Banco Alimentare e McDonald's insieme, la catena di fast food donerà 100 pasti caldi a settimana - Genova 24
Solidarietà

Banco Alimentare e McDonald’s insieme, la catena di fast food donerà 100 pasti caldi a settimana

Il progetto è partito a dicembre 2020 e ha coinvolto tutte le città italiane. I pacchi saranno preparati dal personale McDonald's e distribuiti dai volontari ad associazioni e famiglie

McDonald's banco alimentare

Genova. Riparte a Genova l’iniziativa “Sempre aperti a donare”. McDonald’s e Fondazione per l’Infanzia Ronald McDonald doneranno 100 pasti caldi ogni settimana fino a fine ottobre – per un totale di 400 pasti – a diverse strutture caritative e associazioni del territorio che offrono accoglienza a persone e famiglie in difficoltà.

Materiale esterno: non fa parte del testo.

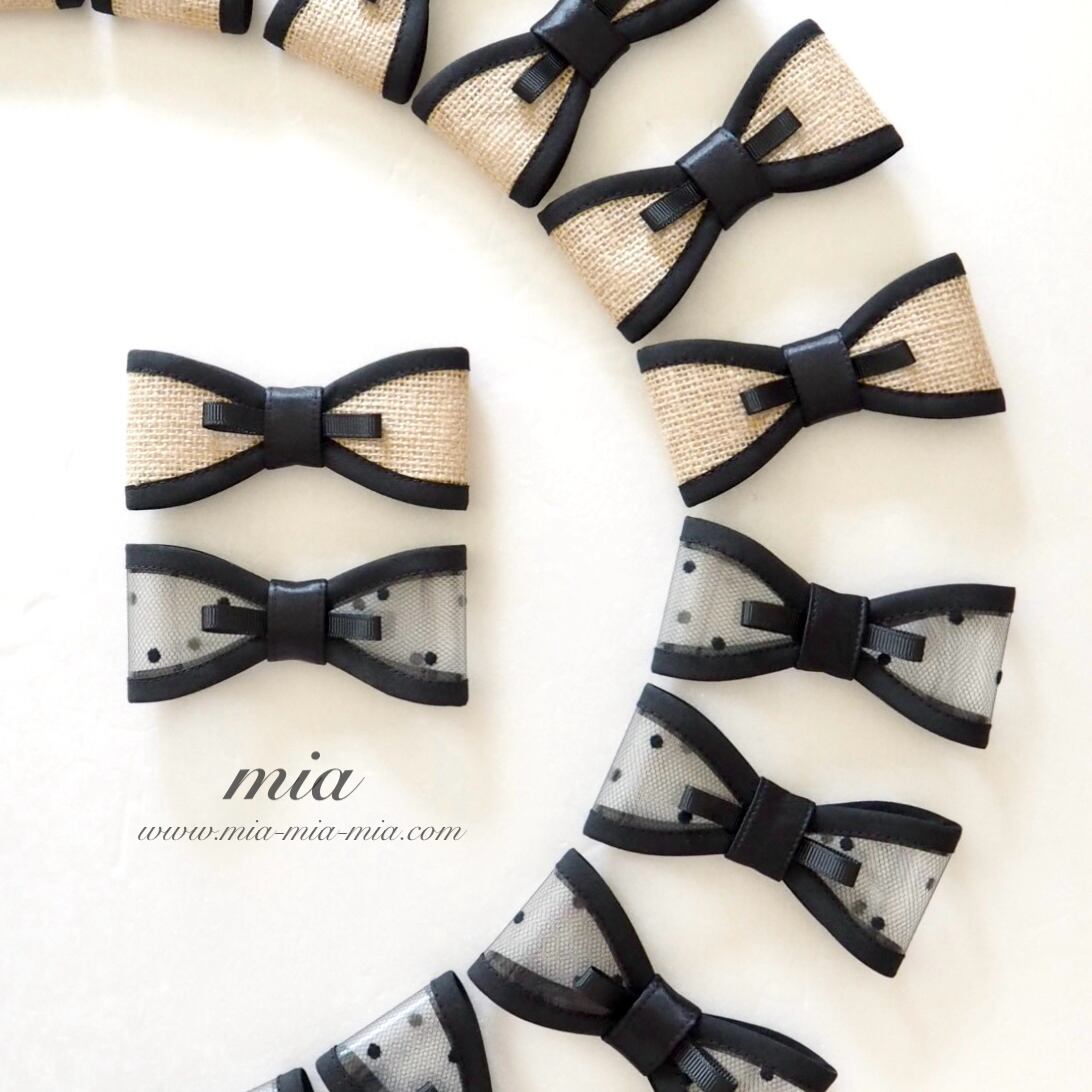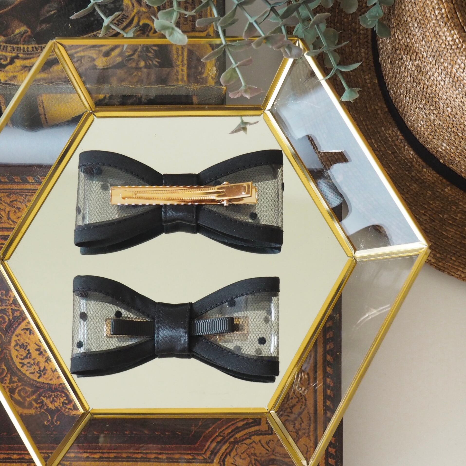 モノトーンでまとめた大人フェミニンなリボンアクセサリー。

Una rete solidale che vedrà coinvolti anche i volontari di Banco Alimentare Liguria, incaricati della consegna i pasti. I 100 pasti caldi saranno infatti preparati ogni settimana dal team del ristorante McDonald’s di via di Sottoripa e verranno ritirati e distribuiti dai volontari di Banco Alimentare Liguria a diverse strutture e associazioni del territorio, tra cui l’A.F.E.T. Aquilone Onlus e l’Associazione Mondo Amico.

“Un gesto concreto e di supporto nei confronti della comunità genovese più fragile che continua fino a fine ottobre, dopo il primo lancio del progetto dello scorso inverno, che ha visto la distribuzione di 1.200 pasti caldi a Genova. Le donazioni nella città di Genova, nella cui provincia McDonald’s conta 5 ristoranti, fanno parte infatti del progetto “Sempre aperti a donare”, lanciato da McDonald’s e Fondazione per l’Infanzia Ronald McDonald’s lo scorso dicembre 2020. L’iniziativa ha coinvolto l’intera Penisola raggiungendo l’obiettivo di oltre 140.000 pasti caldi distribuiti a strutture di accoglienza che ospitano famiglie e persone fragili in diverse città italiane”, si legge nel comunicato stampa di McDonald’s.

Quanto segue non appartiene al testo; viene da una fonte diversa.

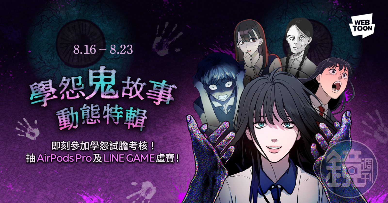 LINE WEBTOON今年邀請Pony、JUJU C.、璐奇以及竹川獅4位創作者推出《學怨鬼故事・動態特輯》,攜手將日常的校園風景打造為畫風驟變的詭譎場景,再利用動態畫面與靈異音效,希望讓讀者「身歷其境」,親身揭開藏在校園中的靈異面紗。

“L’iniziativa – continua la nota – conferma e consolida l’impegno che lega McDonald’s e Fondazione per l’Infanzia Ronald McDonald al Paese e alle comunità locali con l’obiettivo di contribuire ad alimentare il circolo virtuoso generato dalle associazioni benefiche con cui collabora, specie nel delicato momento che stiamo attraversando e che porta ancora i segni dell’emergenza Covid”.